As Middle Mile Program Deadline Approaches, NTIA Proposes 'Buy America' Exemptions : Broadband Breakfast

2022-10-09 13:17:57 By : Mr. Michael Ma

The NTIA is proposing a limited-equipment, limited-time exemption to purchasing American-made products.

WASHINGTON, September 27, 2022 – The National Telecommunications and Information Administration is proposing this month a limited 12-month exemption from rules requiring the purchase of American-made telecommunications equipment for applicants to its middle mile program – even as the Friday deadline quickly approaches.

The Infrastructure, Investment and Jobs Act, which was signed into law by President Joe Biden last November, spawned the NTIA’s $1-billion Enabling Middle Mile Broadband Infrastructure Program and included a “Buy America” provision that require domestically purchased materials to make up more than 55 percent of the cost of all components of the project.

But leading up to the September 30 deadline for middle mile program funding, the Commerce agency had been fielding complaints about the provision, stemming from concern that projects will be stalled or incomplete without adequate access to foreign supply. A waiver exemption provision exists in the Build America, Buy America Act.

In the middle of this month, the Commerce agency responded by releasing a proposed waiver document – comments on which are due October 3 – outlining a possible limited exemption to those Buy America preferences. The document said that an initial industry assessment told them that materials for middle mile broadband infrastructure are “not available in the quantity or quality needed for the MMG Program.”

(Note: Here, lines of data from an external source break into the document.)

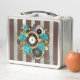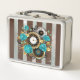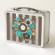 Steampunkuhr und türkisfarbene Rose auf Streifen Metall Brotdose
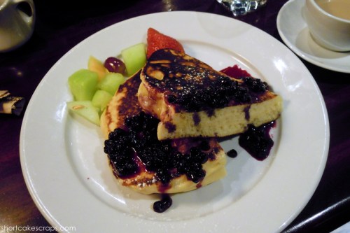 I went for one of their specials – pancakes with blueberry jam syrup. They were super thick (almost an inch) and had a very cakey texture to them. I ended up using some of the maple syrup from my husband’s plate to add a tiny bit more sweetness to it, but the blueberry flavor was nice. I would’ve probably liked them more if they were less cakey and more fluffy because they were a little too dense and filling, but it all washed down easily with their delicious coffee (even the decaf was good).
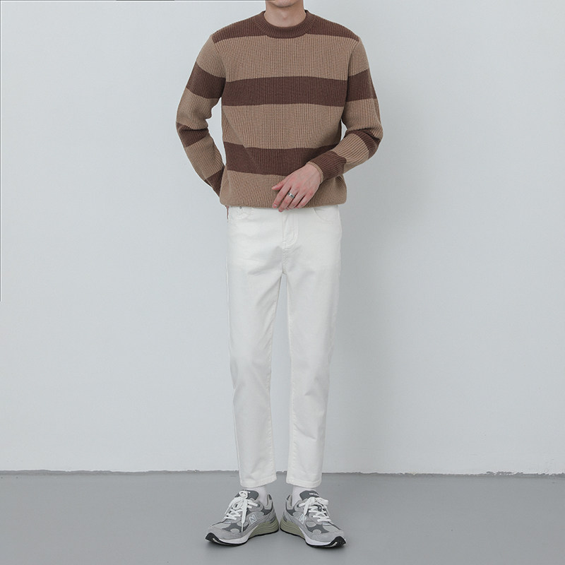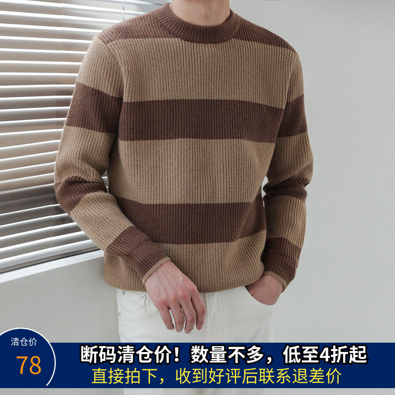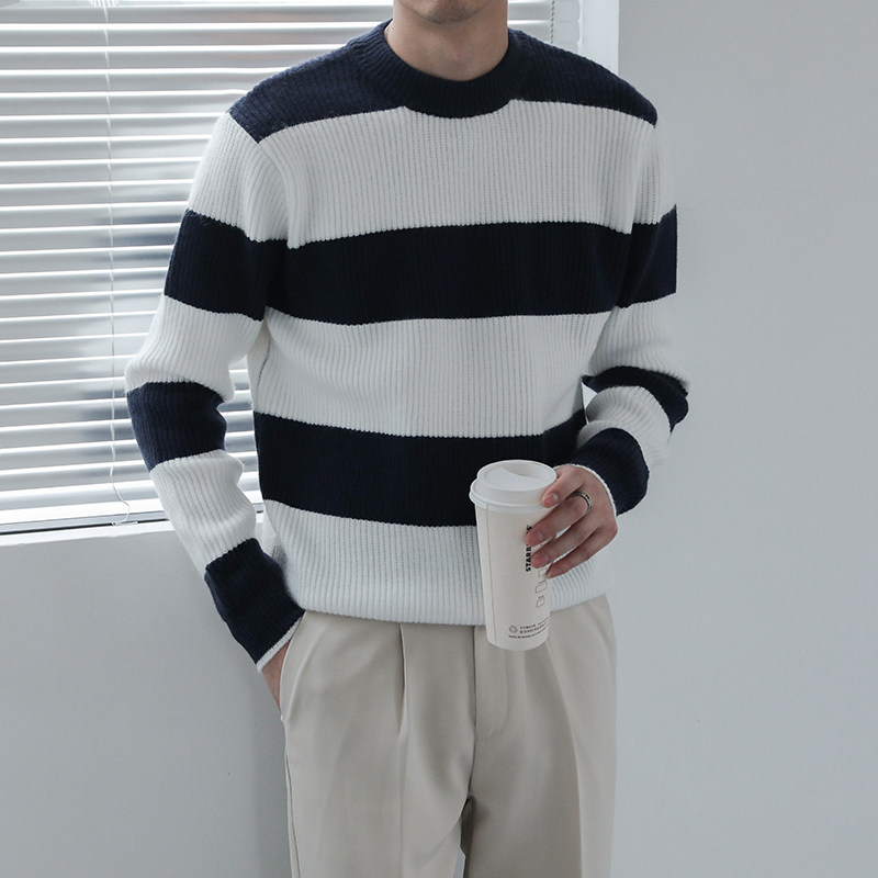 Мужской трикотажный демисезонный трендовый свитер с круглым воротником, в корейском стиле
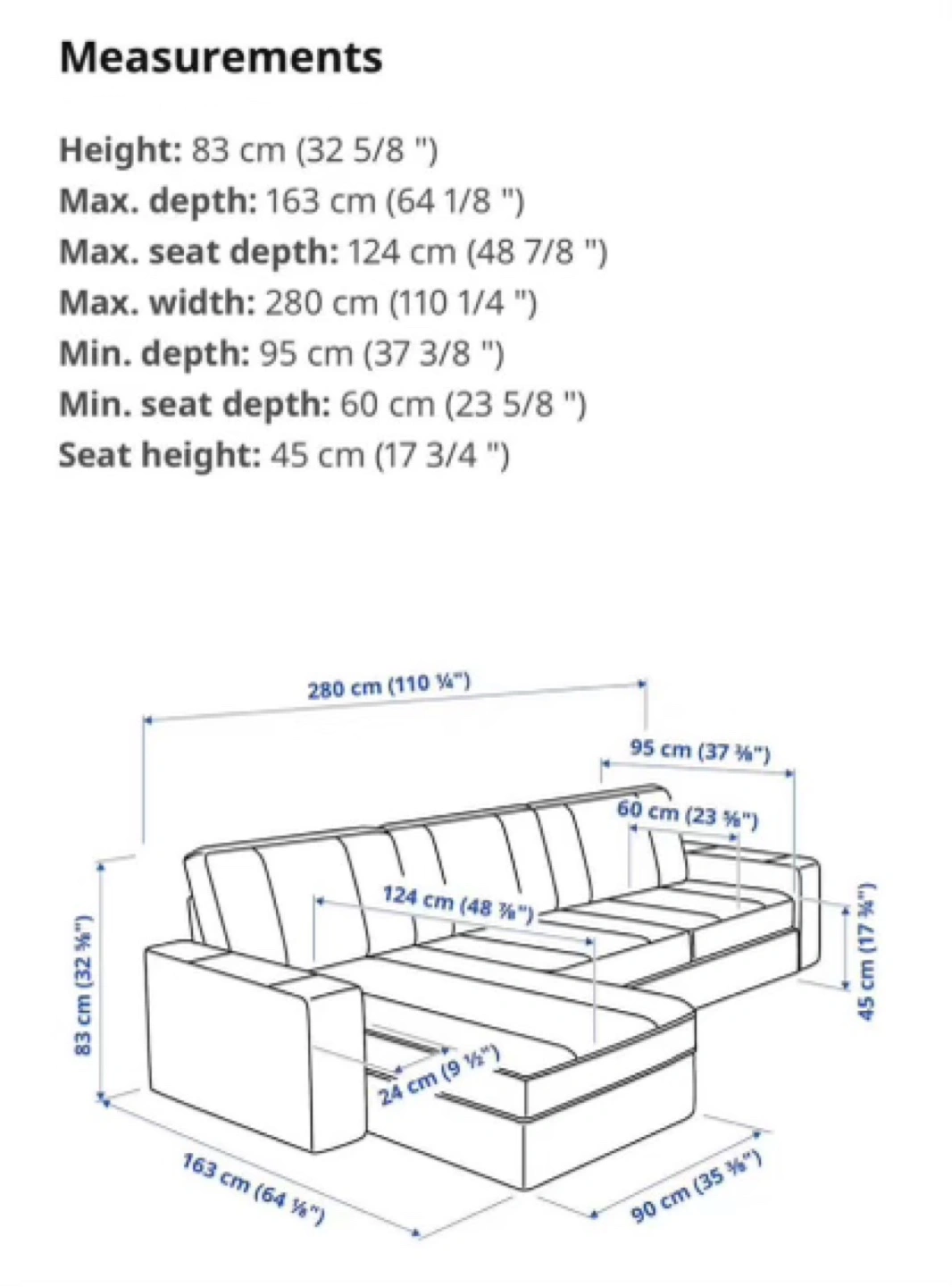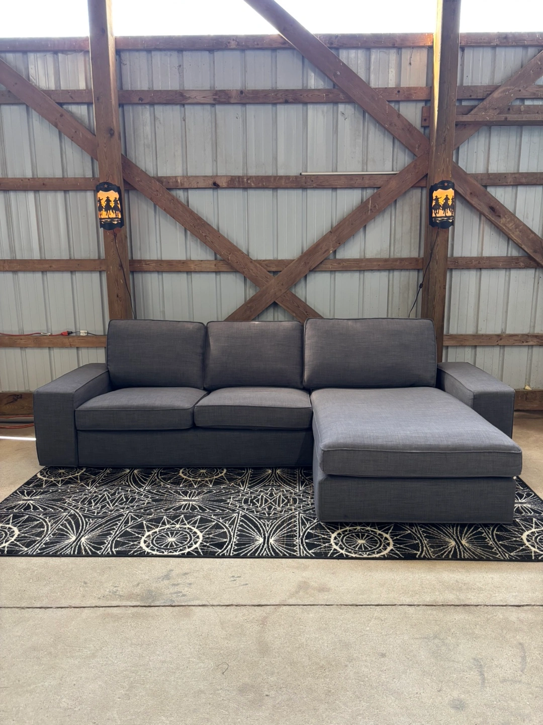 67**$400** IKEA Kivik Sectional in Grey ๐๏ธ Has been professionally steam cleaned and wiped down. Info - machine washable cushion covers for all cushions. - Bottom of middle cushion has tear through one layer of fabric. Unable to see when put down. - East to connect and disconnect. - Thick filled cushions with no deformations. Dimensions available in photos Delivery available, send location for quote ๐ Couch disposal available too.
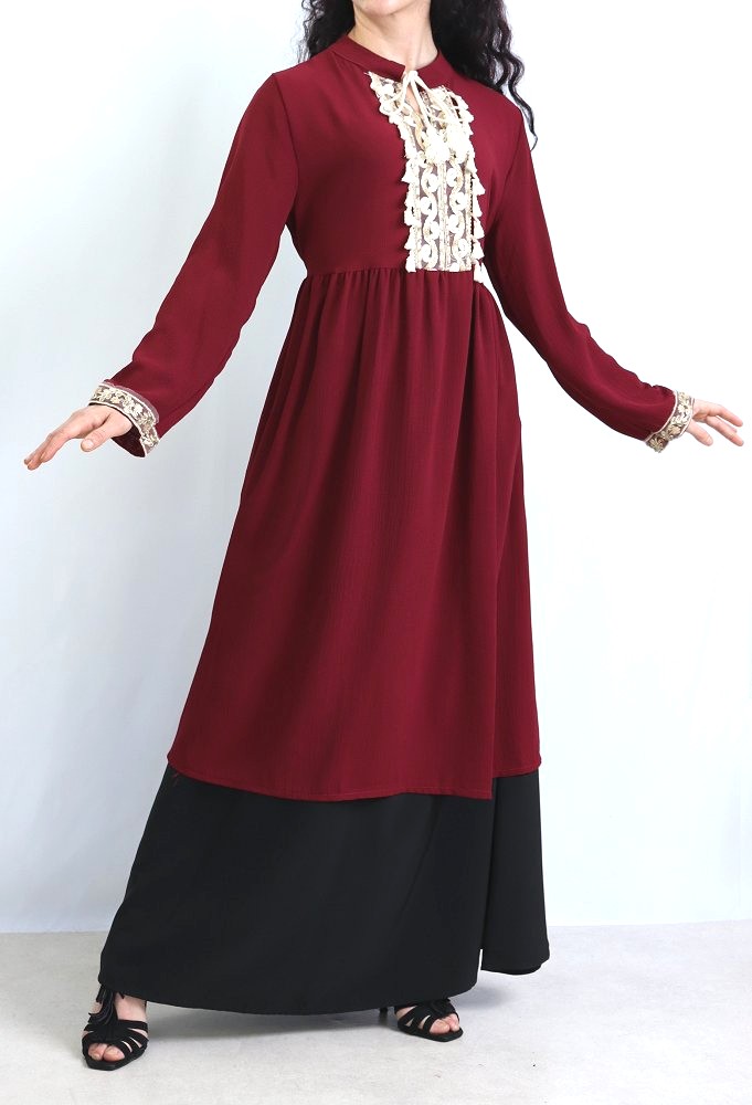 Tunique à pompons brodée et décorée, col rond doté de cordons, ceinture à 2 liens qui peuvent aussi bien se nouer à l’avant comme à l'arrière afin de faire un effet cintré. Matière de type crêpe légère et agréable à porter.

As such, the NTIA is proposing a Buy America exemption for specific equipment including broadband routing, switching and aggregation equipment; microwave backhaul equipment; fiber transport equipment; undersea cable equipment; fixed test equipment; telemetry router and switch equipment; and the construction of fiber optic cable if the optical fibers inside are manufactured exclusively in the U.S.

The document notes that 67 percent of middle mile network device is sourced from Asia; fiber optic cable assembly “generally occurs in Mexico;” and over 70 percent of global semiconductor production occurs in Asia. (President Biden also signed into law legislation that would plow $52 billion toward incentivizing domestic manufacturing of semiconductors, but the NTIA said the impact of that is unlikely to be realized for “several years.”)

“We have been talking to the made-in-America office because we do believe that there is reason for us to ask for some kind of waiver on this middle mile program,” Sarah Bleau, middle mile program director, said at an event fielding questions about the program on September 15.

If the waiver is granted, it would apply to all middle mile program money awarded between March 2, 2023 and March 1, 2024.

The document notes that the waiver would allow entities to compete on an “equal footing” for middle mile program funds and allow them to construct broadband projects in a timely manner.

The NTIA said it had been exploring this issue before it released the notice of funding opportunity – which opened the program for applicants on May 13.

“During the course of that assessment, it became clear that the impact of BABA on the MMG Program would likely be particularly significant, necessitating an approach that acknowledges the non-availability of certain construction materials and manufactured products required for the deployment of middle mile infrastructure on the timeline mandated by the IIJA,” the NTIA’s waiver proposal document said.

“MMG Program awards may be announced as early as spring of 2023 and will require supplies to be available on short timeframes, allowing little time to address supply chain issues,” the document added.

The NTIA would also require waiver grantees to report on their foreign equipment purchases, which the agency said will help “future NTIA grant programs and awards that also use those items and support market research.

“NTIA will use this information to better understand the market and availability of U.S. products in this supply chain to inform its implementation of the MMG Program as well as its other broadband infrastructure deployment programs,” the document added.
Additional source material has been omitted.